START PROVIDED RECORDS

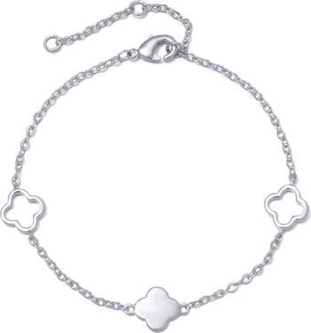 Dainty clovers catch the light on this layerable station-chain bracelet boasting a high-shine finish.
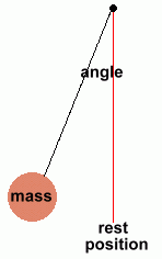 ![]() ![]() If you pull the mass away from its rest position, so that the string is at an angle, and then let go, the mass will begin to swing back and forth. The length of time it takes the mass to swing all the way over and back, once, is called the period of the pendulum. All three experiments will examine things we can do to the pendulum that will change the period. Here are the three questions we are asking: 1. Does the amount of mass on the end of the string affect the period? In these experiments, the dependent variable will always be the time for one full swing, or the period. The three tested independent variables will be the mass, the angle, and the length of string. The controlled variables will be the attachment point of the string, the string itself, the method used to time the pendulum, and the variales we are not currently testing. These will remain the same for each test, so that we know they won't affect the results. The experiments are easy to do, and don't require any special equipment. We did them ourselves using some string, a few large nuts, a pen, a protractor, and a watch, and got good results for all three tests in about 20 minutes. Here'a list of what you'll need for each group doing the experiment: - 3 or 4 weights, all the same - a pen and tape, to attach the pendulum to a shelf - a watch that counts seconds - a protractor - pencil and paper to record the results It's also easier if you have several people doing the experiments, so that one person is free to time the swings. When you're ready, here are the three experiments. They are set up such that the answers are not apparent, but there are links to descriptions of what should happen. There is also a page explaining the pendulum equation, for Science 10 students.
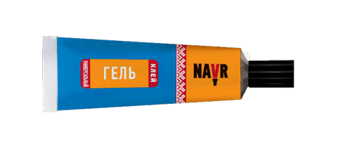 Клей NAVR гель, предназначен для применения в быту для комбинационного склеивания мягкого и жесткого поливинилхлорида, полистирола, оргстекла, фарфора, керамики, стекла, дерева, металла, резины, кожи, пробки, ткани, поролона, бумаги, картона и представляющий собой раствор полиуретановой термопластичной смолы и модифицирующих добавок в органических растворителях. Не оставляет заметных следов при склеивании.
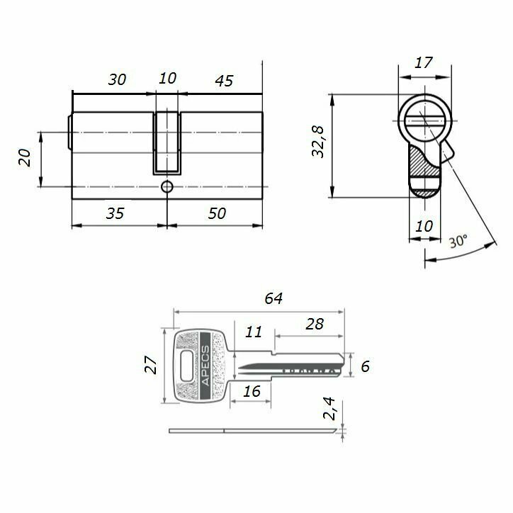 Личинка замка 85 мм (35х50) с перфоключами Apecs SM никель цилиндровый механизм: сравнение цен, характеристики, фото, актуальное наличие и цены.
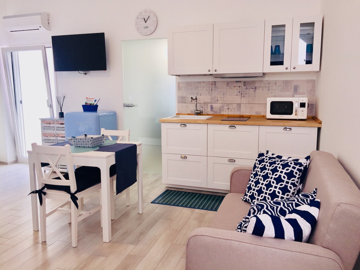 Nuovissimo appartamento a soli 150m dal corso pedonale di Peschici, con una superficie di 48 mq e uno splendido balcone con vista mare e scorcio sulla baia. Luminosa e arredata con gusto munita di ogni comfort, climatizzatore, rete wifi, televisore 50 pollici, cucina attrezzata con frigo, freezer, forno, macchina per caffè espresso, bollittore elettrico e tostapane, zona pranzo. Non manca una vasca idromassaggio (disponibile a pagamento) Ideale per una vacanza rilassante e romantica al mare.
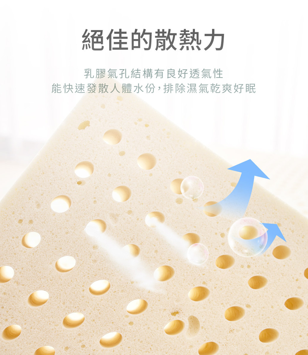 乳膠氣孔結構擁有良好透氣性,排除濕氣乾爽好眠
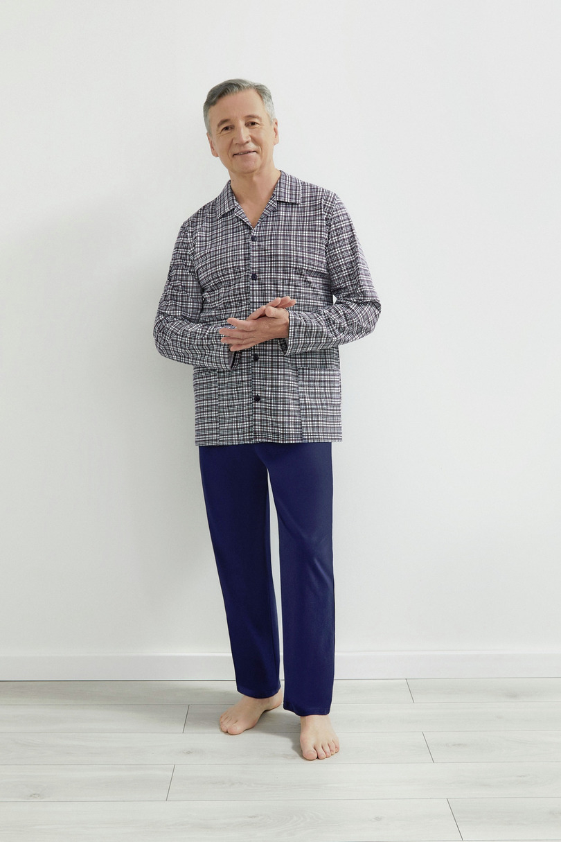 Dwuczęściowa piżama męska z rozpinaną koszulą w kratę i gładkimi spodniami. skład: 100% bawełna
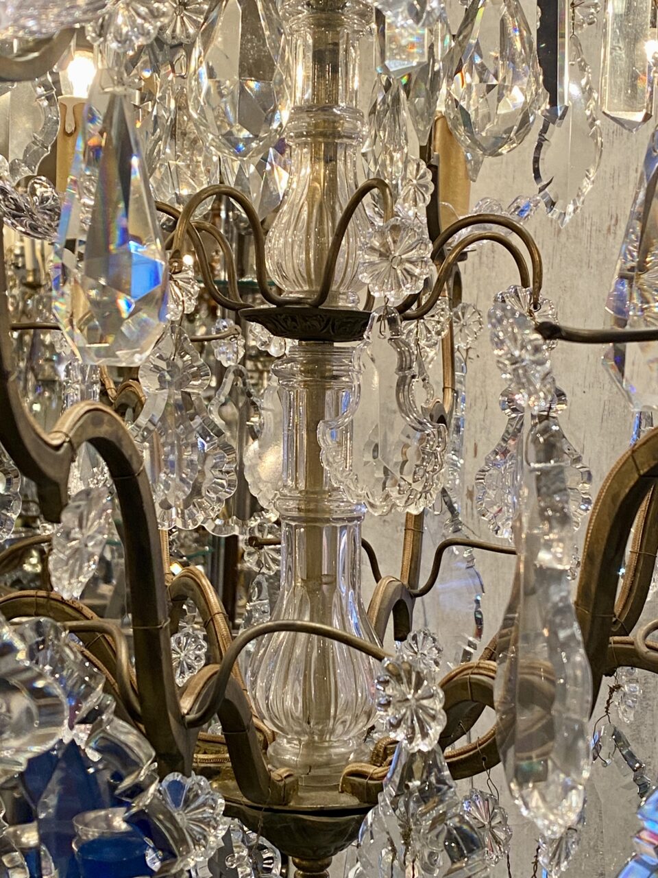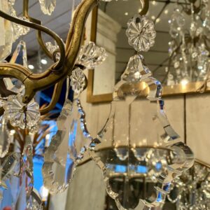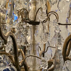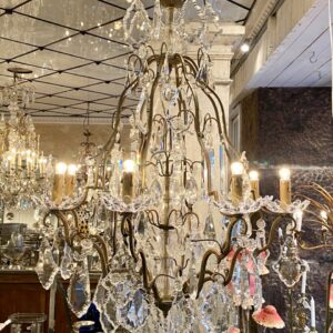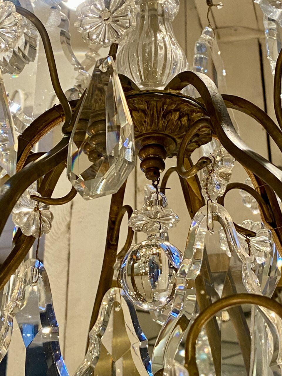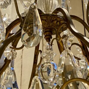 Stor gammel fransk burformet prismekrone i patineret messing fra omkring år 1900.
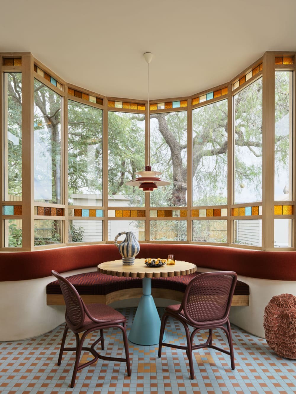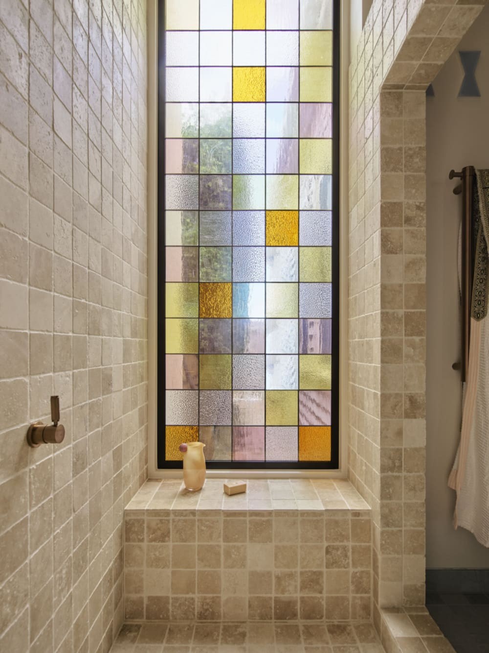我们对色彩强度和照度进行了调整,在杏色前门周围添加了柔和的宝石色窗格。
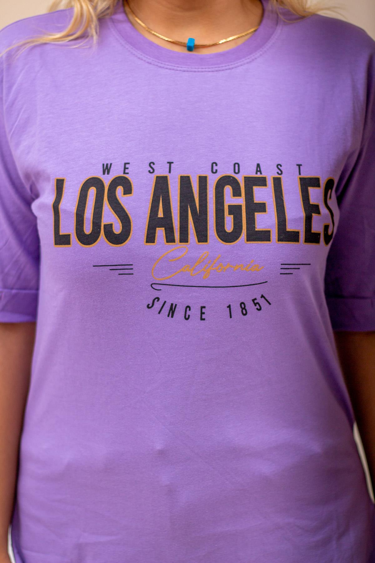 | Etiketler | Lila Los Angeles Baskılı Yırtmaçlı Duble Kol Kadın Tişört 22KTSHLOSE |
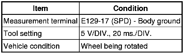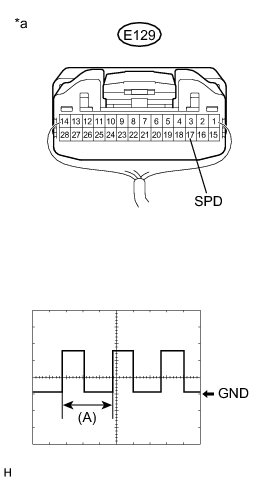 (2) Connect an oscilloscope to terminal E129-17 (SPD) and body ground.
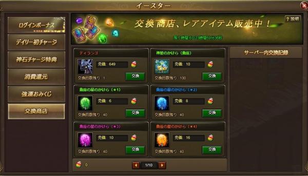 イベント期間中、指定された時間にログインするとイースターエッグを獲得する事ができます。集めたイースターエッグは、交換商店でレアアイテムと交換できます。また、今回の交換商店では新騎獣の黒竜の子供「ディランゴ」や、新バージョンで実装されたばかりの星座ペットの「かけら」等新しいアイテムを揃えております。
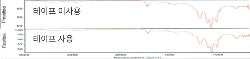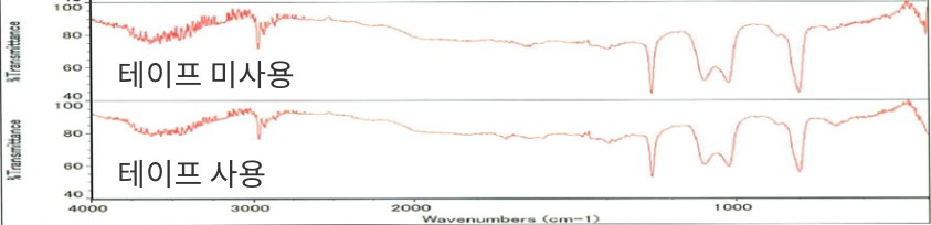 테이프를 사용하지 않은 기판과 테이프를 붙이고 박리한 기판표면을 비교분석하여도 스펙트럼에 차이는 보이지 않았습니다.

END PROVIDED RECORDS

#### [INSTRUCTIONS FOR THE TASK]
If a record holds a picture, leave the picture out, but repeat every line exactly.

#### [REPLY TO THE TASK]
 Dainty clovers catch the light on this layerable station-chain bracelet boasting a high-shine finish.
 ![]() ![]() If you pull the mass away from its rest position, so that the string is at an angle, and then let go, the mass will begin to swing back and forth. The length of time it takes the mass to swing all the way over and back, once, is called the period of the pendulum. All three experiments will examine things we can do to the pendulum that will change the period. Here are the three questions we are asking: 1. Does the amount of mass on the end of the string affect the period? In these experiments, the dependent variable will always be the time for one full swing, or the period. The three tested independent variables will be the mass, the angle, and the length of string. The controlled variables will be the attachment point of the string, the string itself, the method used to time the pendulum, and the variales we are not currently testing. These will remain the same for each test, so that we know they won't affect the results. The experiments are easy to do, and don't require any special equipment. We did them ourselves using some string, a few large nuts, a pen, a protractor, and a watch, and got good results for all three tests in about 20 minutes. Here'a list of what you'll need for each group doing the experiment: - 3 or 4 weights, all the same - a pen and tape, to attach the pendulum to a shelf - a watch that counts seconds - a protractor - pencil and paper to record the results It's also easier if you have several people doing the experiments, so that one person is free to time the swings. When you're ready, here are the three experiments. They are set up such that the answers are not apparent, but there are links to descriptions of what should happen. There is also a page explaining the pendulum equation, for Science 10 students.
 Клей NAVR гель, предназначен для применения в быту для комбинационного склеивания мягкого и жесткого поливинилхлорида, полистирола, оргстекла, фарфора, керамики, стекла, дерева, металла, резины, кожи, пробки, ткани, поролона, бумаги, картона и представляющий собой раствор полиуретановой термопластичной смолы и модифицирующих добавок в органических растворителях. Не оставляет заметных следов при склеивании.
 Личинка замка 85 мм (35х50) с перфоключами Apecs SM никель цилиндровый механизм: сравнение цен, характеристики, фото, актуальное наличие и цены.
 Nuovissimo appartamento a soli 150m dal corso pedonale di Peschici, con una superficie di 48 mq e uno splendido balcone con vista mare e scorcio sulla baia. Luminosa e arredata con gusto munita di ogni comfort, climatizzatore, rete wifi, televisore 50 pollici, cucina attrezzata con frigo, freezer, forno, macchina per caffè espresso, bollittore elettrico e tostapane, zona pranzo. Non manca una vasca idromassaggio (disponibile a pagamento) Ideale per una vacanza rilassante e romantica al mare.
 乳膠氣孔結構擁有良好透氣性,排除濕氣乾爽好眠
 Dwuczęściowa piżama męska z rozpinaną koszulą w kratę i gładkimi spodniami. skład: 100% bawełna
 Stor gammel fransk burformet prismekrone i patineret messing fra omkring år 1900.
我们对色彩强度和照度进行了调整,在杏色前门周围添加了柔和的宝石色窗格。
 | Etiketler | Lila Los Angeles Baskılı Yırtmaçlı Duble Kol Kadın Tişört 22KTSHLOSE |
 (2) Connect an oscilloscope to terminal E129-17 (SPD) and body ground.
 イベント期間中、指定された時間にログインするとイースターエッグを獲得する事ができます。集めたイースターエッグは、交換商店でレアアイテムと交換できます。また、今回の交換商店では新騎獣の黒竜の子供「ディランゴ」や、新バージョンで実装されたばかりの星座ペットの「かけら」等新しいアイテムを揃えております。
 테이프를 사용하지 않은 기판과 테이프를 붙이고 박리한 기판표면을 비교분석하여도 스펙트럼에 차이는 보이지 않았습니다.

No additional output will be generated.